Listeners who tuned into his top-rated morning talk show yesterday were stunned to hear program director Tom Plasteras tell them that Mr. Mair, after 19 years, was no longer with the station.

"The decision is an internal matter and is no reflection on Rafe's journalistic abilities or the quality of his show," Mr. Plasteras said.

The matter is believed to have been set off by a complaint from a female producer that Mr. Mair used the 'f' word inappropriately during a staff meeting and angrily referred to some newspaper stories as corporate "blow jobs."

When management tried to get the bombastic but influential broadcaster to conform to its employee behaviour code, Mr. Mair insisted he was an independent contractor and was not an employee of station owners Corus Entertainment Inc., sources said.

From there the dispute escalated until Mr. Mair was let go, with 27 months remaining on his $300,000-a-year contract.

Relations between Mr. Mair and Corus managers had been strained for some time. Late last month, on the air, the talk-show host declared bluntly that he was "not fond, to say the least, of the corporate ownership of CKNW . . . Corus knows the price of everything and the value of nothing."

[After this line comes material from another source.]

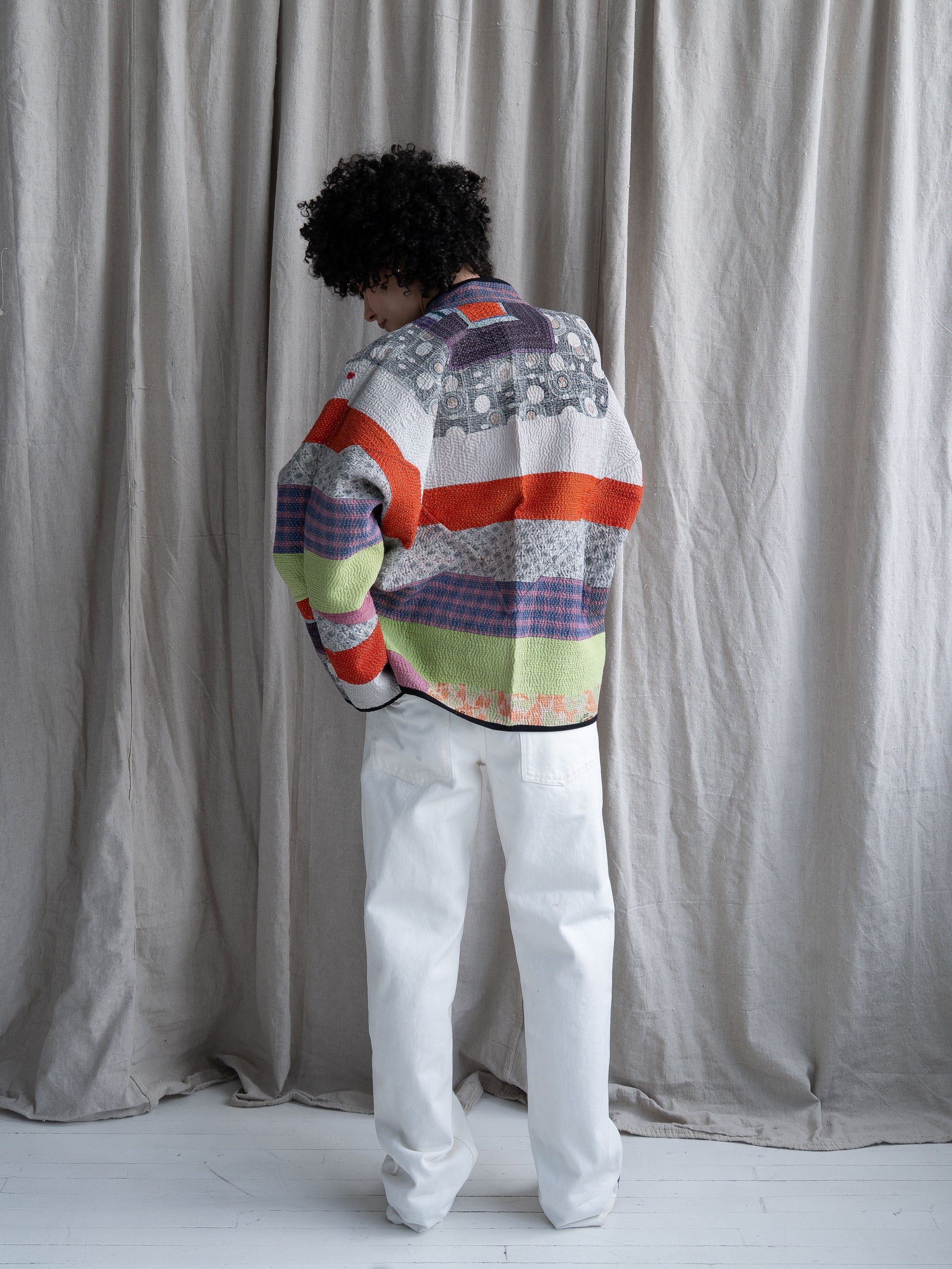 Because the quilts are vintage, gentle signs of age — like fading, small repairs, or texture variations — are expected and part of the textile’s character. Namai also offers lifetime repairs to help keep your jacket in long-term rotation.

He added: "My present contract has 27 months to run, and I'd be utterly amazed if Corus wanted me then, and vice-versa."

The dismissal of Mr. Mair, who dominated talk radio in B.C. as no one else with an estimated 100,000 daily listeners and an impressive 18 per cent market share for his 8.30-11 a.m. slot, caused shock waves among listeners, media commentators, fellow radio hosts and politicians, alike.

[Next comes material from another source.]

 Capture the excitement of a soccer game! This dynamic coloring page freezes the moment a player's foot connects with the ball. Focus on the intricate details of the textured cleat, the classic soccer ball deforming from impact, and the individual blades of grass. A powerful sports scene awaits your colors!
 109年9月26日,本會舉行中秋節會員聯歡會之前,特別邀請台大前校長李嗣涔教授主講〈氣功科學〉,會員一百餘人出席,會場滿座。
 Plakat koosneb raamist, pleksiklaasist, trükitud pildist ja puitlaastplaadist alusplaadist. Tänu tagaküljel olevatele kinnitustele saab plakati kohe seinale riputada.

In Kelowna, Premier Gordon Campbell took time out from his duties as host of the western premiers conference to express his surprise at the news.

"I'd heard about it, yes. Are you kidding? That's the major story here," Mr. Campbell told reporters. "It's incredible. It's spreading across the country like wildfire."

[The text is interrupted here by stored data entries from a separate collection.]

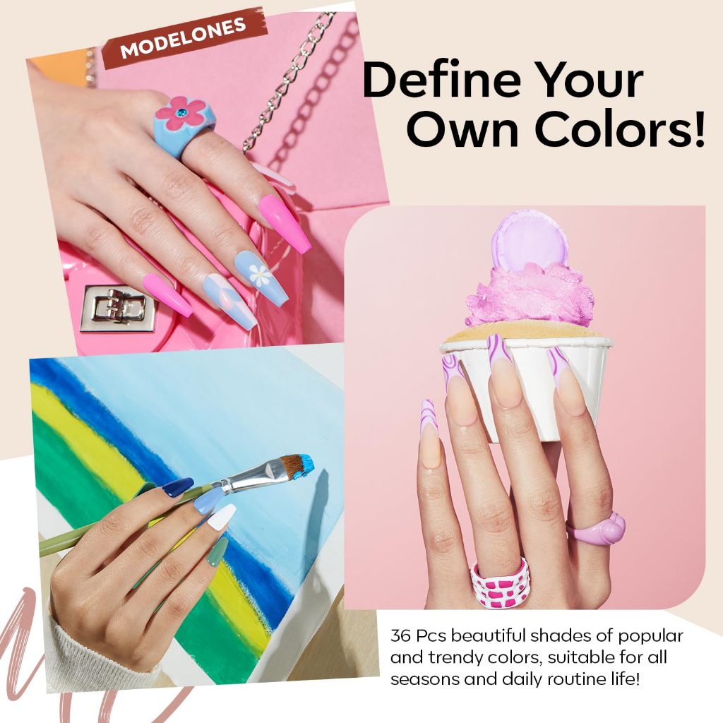 MODELONES Gel Nail Polish Set, 36 Pastel Rainbow Colors 7ML Soft Pink Red Green Summer Neon Gel Polish Glitter Nude Soak
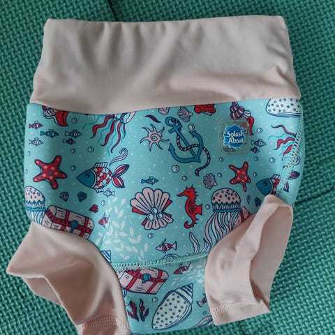 Innertruse medfølger som har borrelås. Da er det enklere å få av trusa uten gris ved uhell i bassenget.
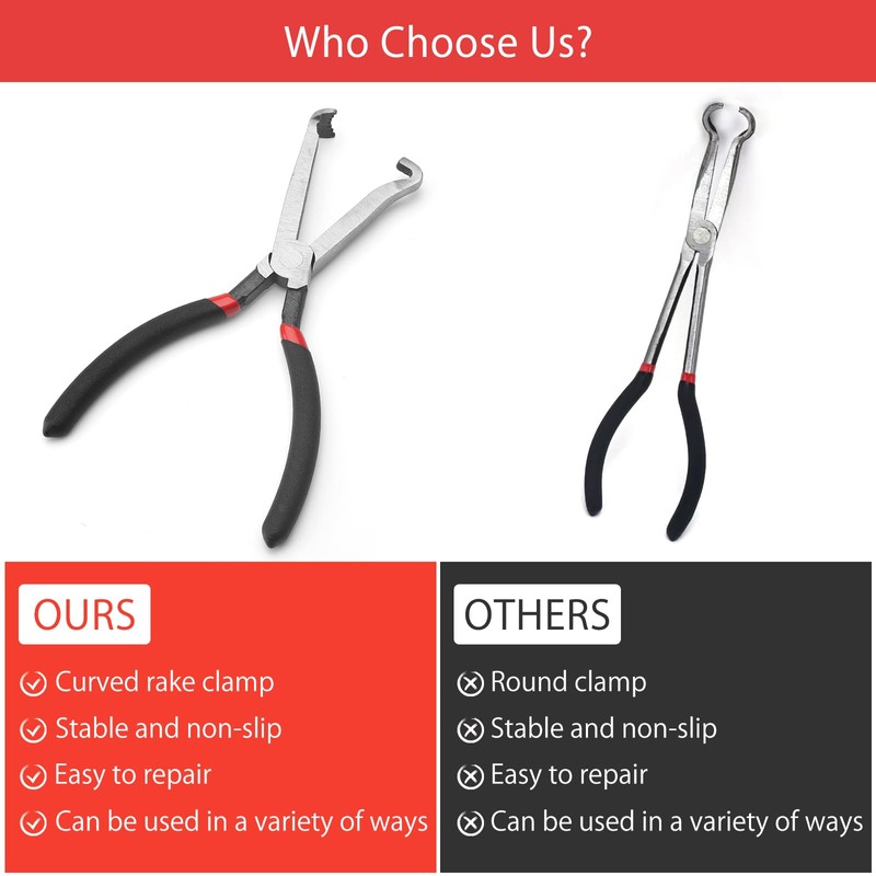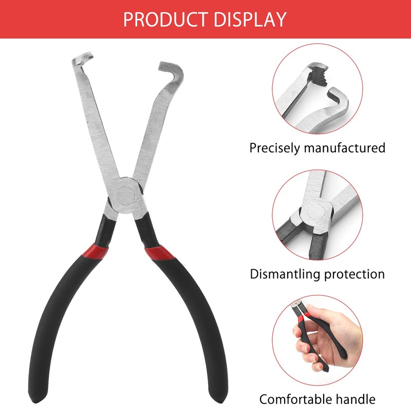 - Unique design: The curved design of the pliers with rake claw holds the connector firmly and can be disconnected quickly. Fuel line pliers can easily reach and disconnect hard-to-reach places such as tight engine compartments, under dashboards or hidden in side panels, making it an indispensable tool for car workers
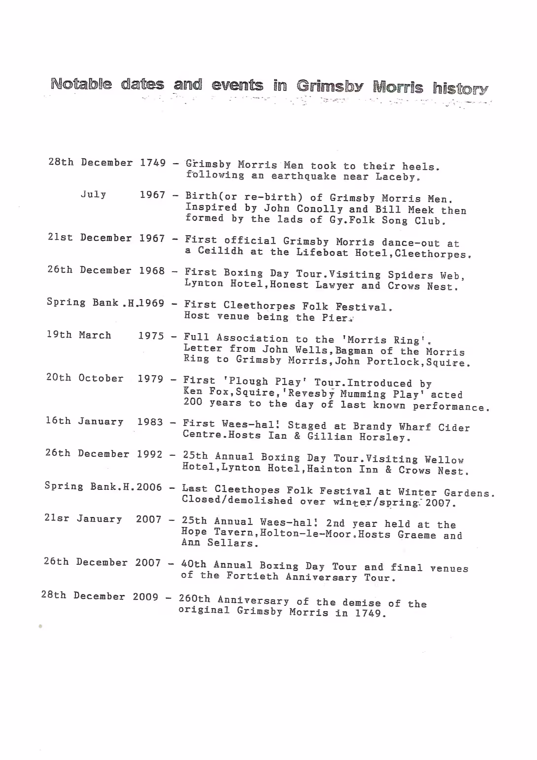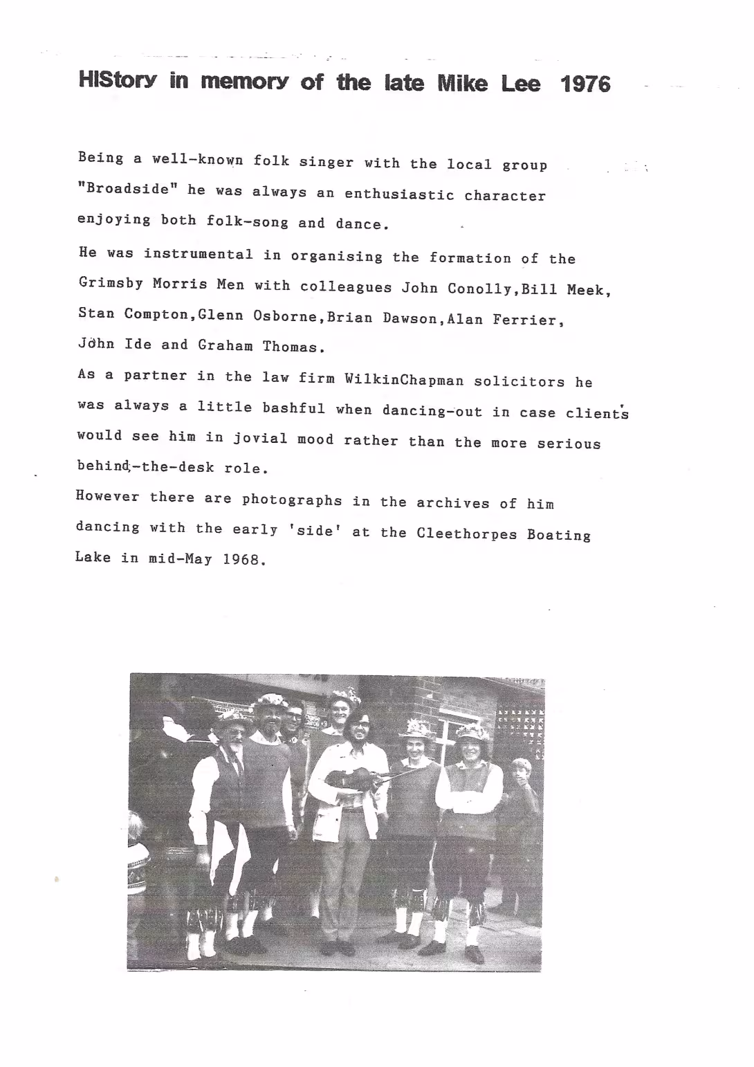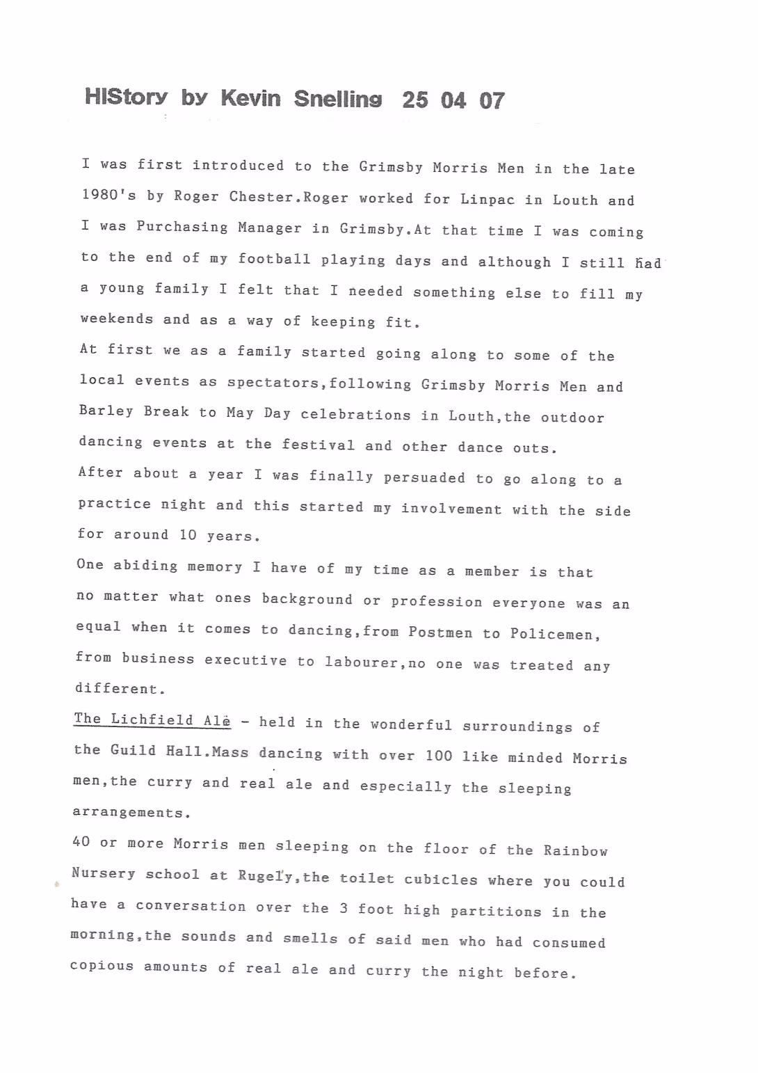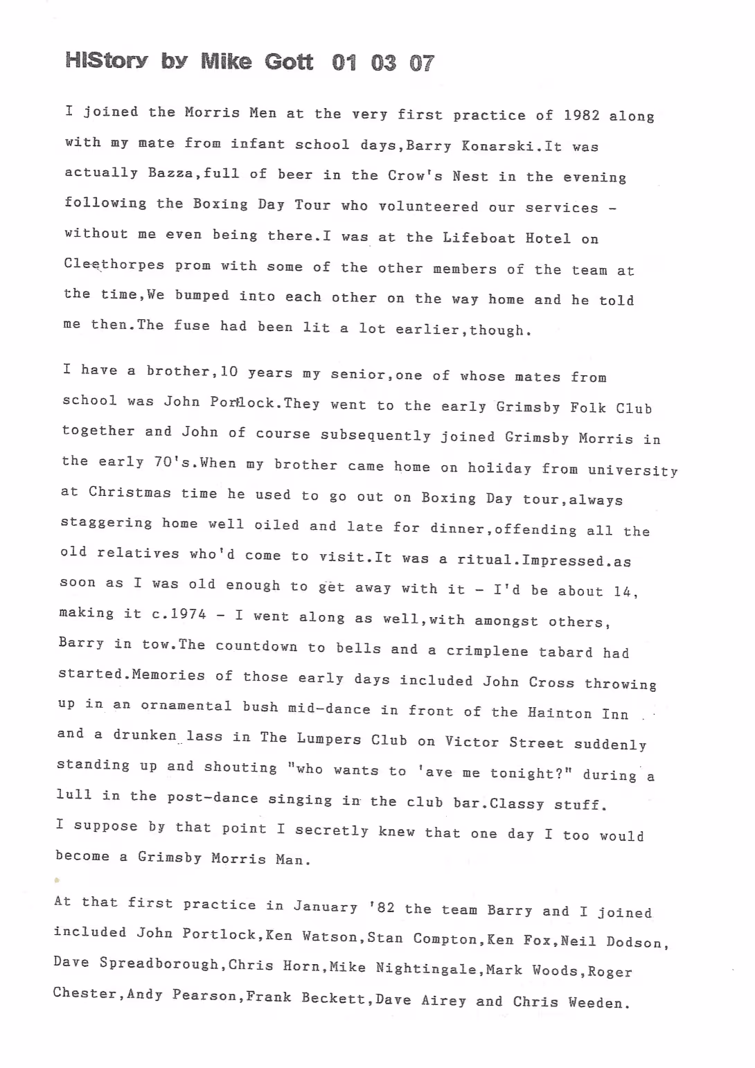 The Histories are a series of books collated by Ian Horsley documenting the history of Grimsby Morris and the dancers and musicians of the side. This first book was assembled from various documents in the archive for the side's 40th anniversary in 2007.

The Premier's reaction underscored the influence Mr. Mair had in a province that still revels in its reputation for brass-knuckle politics and strong opinions.

Politicians were drawn to his huge listening audience like moths to a flame, despite the risk of being singed by Mr. Mair's rough, aggressive questioning.

He also spearheaded many campaigns with great effect, particularly his fierce opposition to the Charlottetown accord. Berated by those who disagreed with his stand as "Dr. No," Mr. Mair is credited by most observers as the reason B.C. voters had the highest rejection vote in the country.

Yesterday on CKNW, listeners flooded stand-in host Peter Warren with calls for a boycott of Mr. Mair's regular time slot.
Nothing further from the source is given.